Но в этом они ошиблись. Дождь продолжал лить, налетая широкими серыми шквалами с зюйд-веста и хлеща серое испятнанное белым море. Хотя в сумрачный послеполуденный час четверга Джек вытащил Стивена на палубу, показать Ушант (тусклое, окаймленное белым пятно на правом крамболе), но не сумел уговорить его пойти на нос, посмотреть на бушприт, или даже немного забраться на ванты, чтобы взглянуть на далекие корабли, блокирующие Брест. На следующий день, когда «Нимбл» мчался вверх по Проливу, ветер зашел так сильно вперед, что теперь тендер нес косой грот, фок и кливер. Бушприт, таким образом, оказался выдвинутым и оставался выдвинутым до конца плавания — примечательно приятного плавания, приведшего их в Портсмут вечером в пятницу. Довольно теплый день для мая, а в воздухе ничего серьезной неизбежной мороси.
Сэр Джозеф, чья политика неподвижного лежания и поедания огромного количества сухарей после первых кошмарных часов принесла свои плоды, отправился в Лондон сразу после того, как выпил чаю с кексами в «Короне». Джеку он сообщил:
— Предполагаю, что приказы передадут телеграфом адмиралу Мартину, как только я представлю доклад. Нет сомнений, что, официально или нет, но я увижу вас обоих в начале следующей недели.
Они проводили Блейна до дилижанса.
— Дружище, думаю, Диана сейчас в крайне деликатном положении, и если мы внезапно появимся, это ее до крайности потрясет, — на обратном пути заметил Стивен.
— Подозреваю, что так, — вздохнул Джек, уже собиравшийся было послать за лошадьми. — Напиши скромную вежливую записку, подразумевающую, что ты можешь пребывать сейчас по соседству, и мы ее пошлем с Бонденом или Килликом, или с обоими в повозке.
— Повозка, из которой выбираются Бонден и Киллик, безусловно поднимет тревогу — чудовищный предвестник плохих новостей, путешествующих с такой скоростью и демонстративностью. Мальчик на муле подойдет лучше.
Мальчик на муле отправился с такой запиской «Дорогая, прошу, не тревожься или никоим образом не беспокойся, если в ближайшее время нас встретишь. Мы в полном порядке и шлем свою любовь».
Друзья собирались издалека поглазеть на «Диану», но налетели на командира порта, жизнерадостную душу, который настоял раздавить вместе бутылочку: «Мне сегодня семьдесят четыре, не можете же вы мне отказать». В зале присутствовали и другие морские офицеры, их он тоже пригласил. Некоторые оказались очень хорошо знакомы Джеку, в том числе три пост-капитана. Как и большинство пост-капитанов, свое одиночество на море они компенсировали необычной болтливостью на суше. Здесь же обнаружился и главный врач флота вместе с одним из медиков из госпиталя в Хасларе — тоже очень общительные люди.

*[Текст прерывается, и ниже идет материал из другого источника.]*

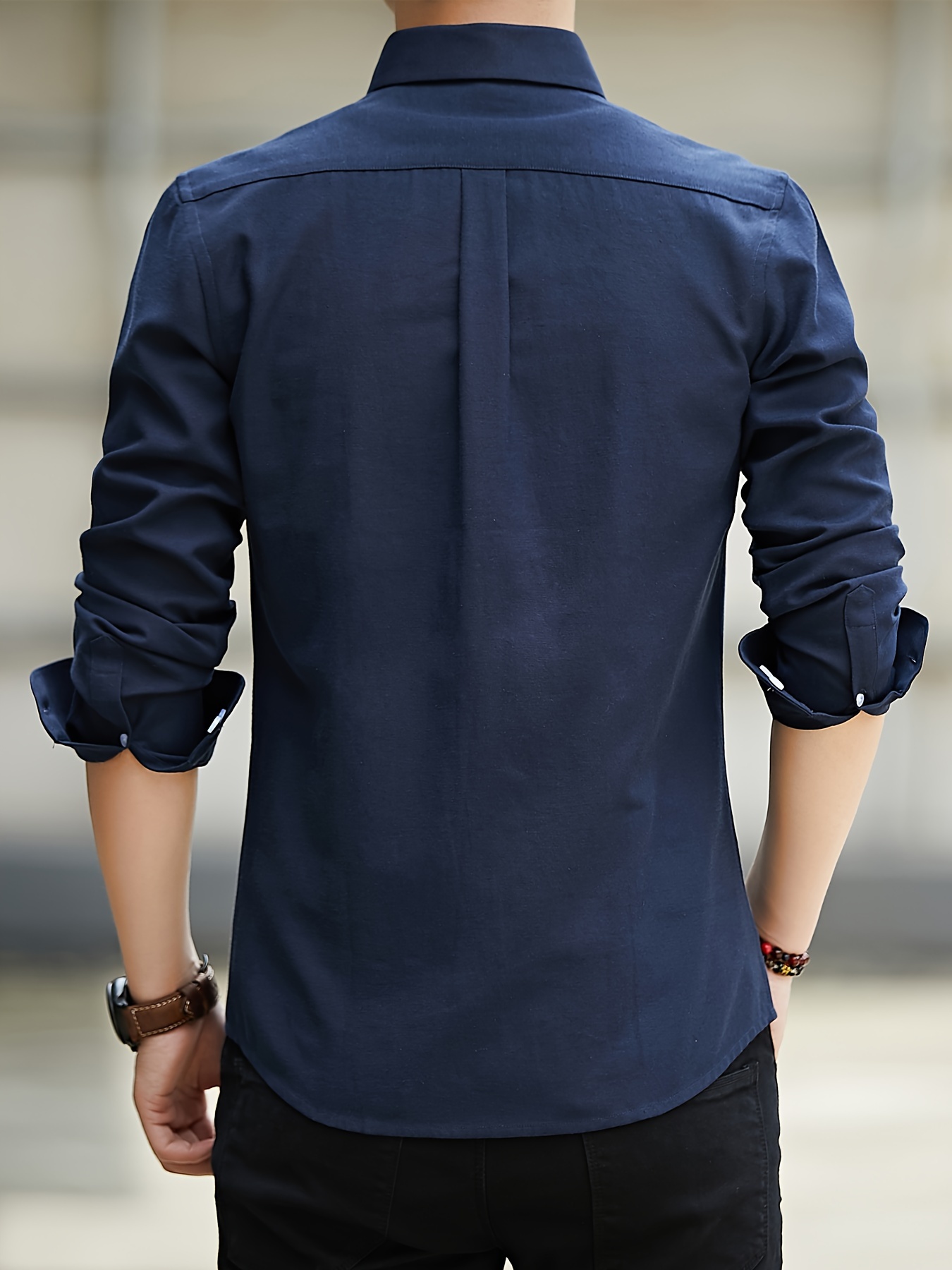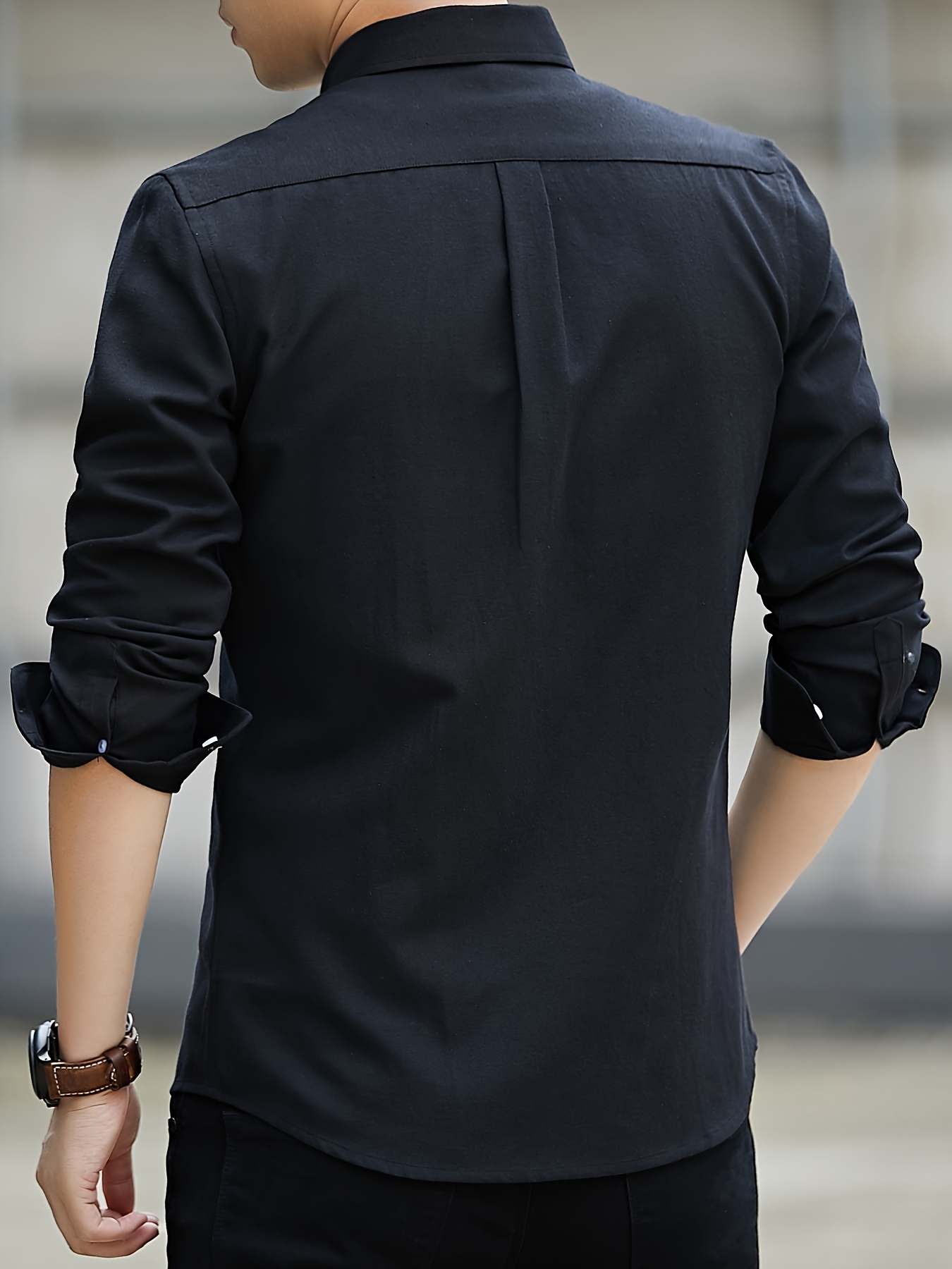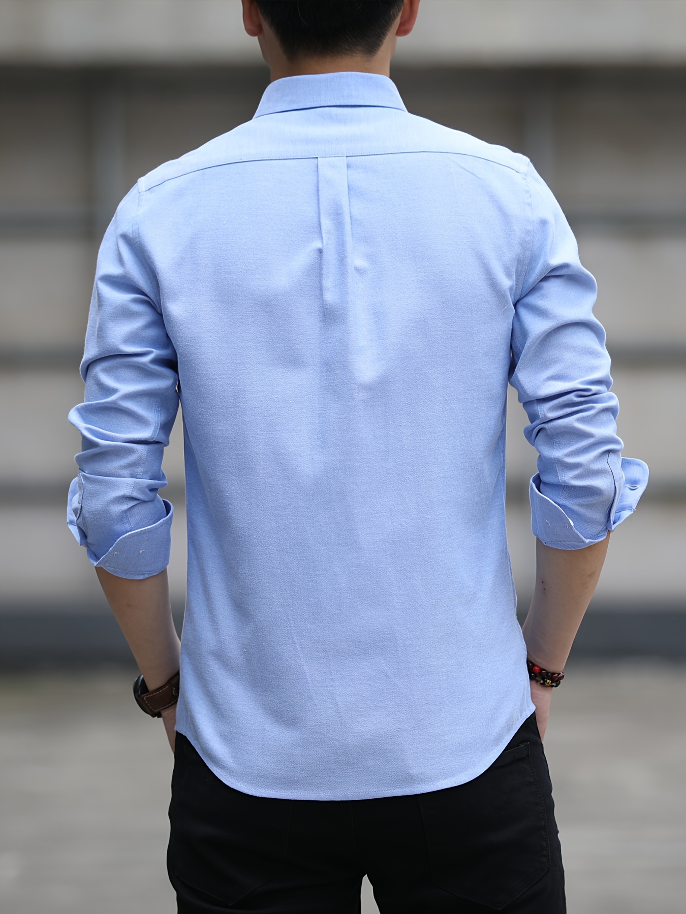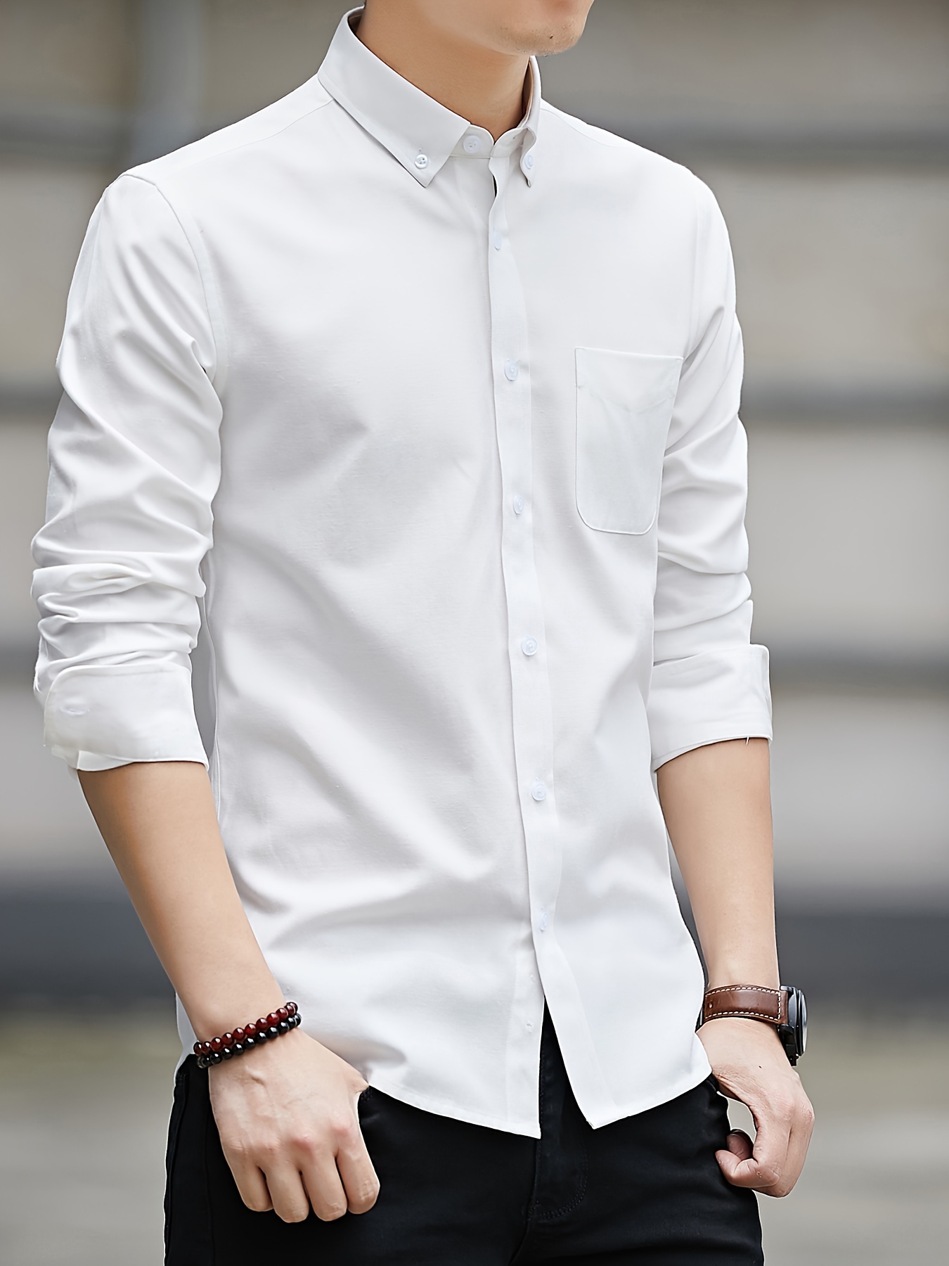 Camisa Oxford Clásica de Manga Larga con Botones para Hombre | Color Sólido con Bolsillo en el Pecho, Estilo Casual, Tejido No Elástico, Adecuada para Primavera/Otoño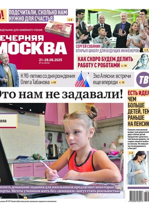 Еженедельный выпуск «Вечерней Москвы» — это значимые события недели, афиша города, новости из сферы отдыха и развлечений, телепрограмма с анонсами и комментариями, авторские колонки журналистов и авторитетные мнения экспертов, детская страничка, специальная рубрика «Золушка», интересные репортажи о необычных судьбах московских жителей, постоянные конкурсы и викторины.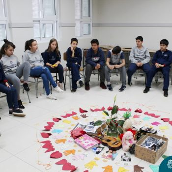Na manhã dessa sexta-feira (27.09) foi realizado o Círculo de Construção de Paz com a turma 52, mediado pelas orientadoras educacionais Anice Maria Nunes e Odete Maria  Spessatto e acompanhado pela professora Daniela Regert Secco. O centro do círculo contemplou a presença das famílias. Os alunos trouxeram objetos importantes para representar suas famílias .

Струился разговор, бутыли приносили и уносили, время шло. Наконец, сын хозяина заведения встал рядом со Стивеном:
— Доктор Мэтьюрин, сэр, — вставил он слово в рассказ Стивена о фиксации сломанных костей басринским методом, — там снаружи экипаж, а в нем вас спрашивают какие-то дамы.
— Иисус, Мария и Иосиф, — пробормотал Стивен, вылетая прочь из комнаты.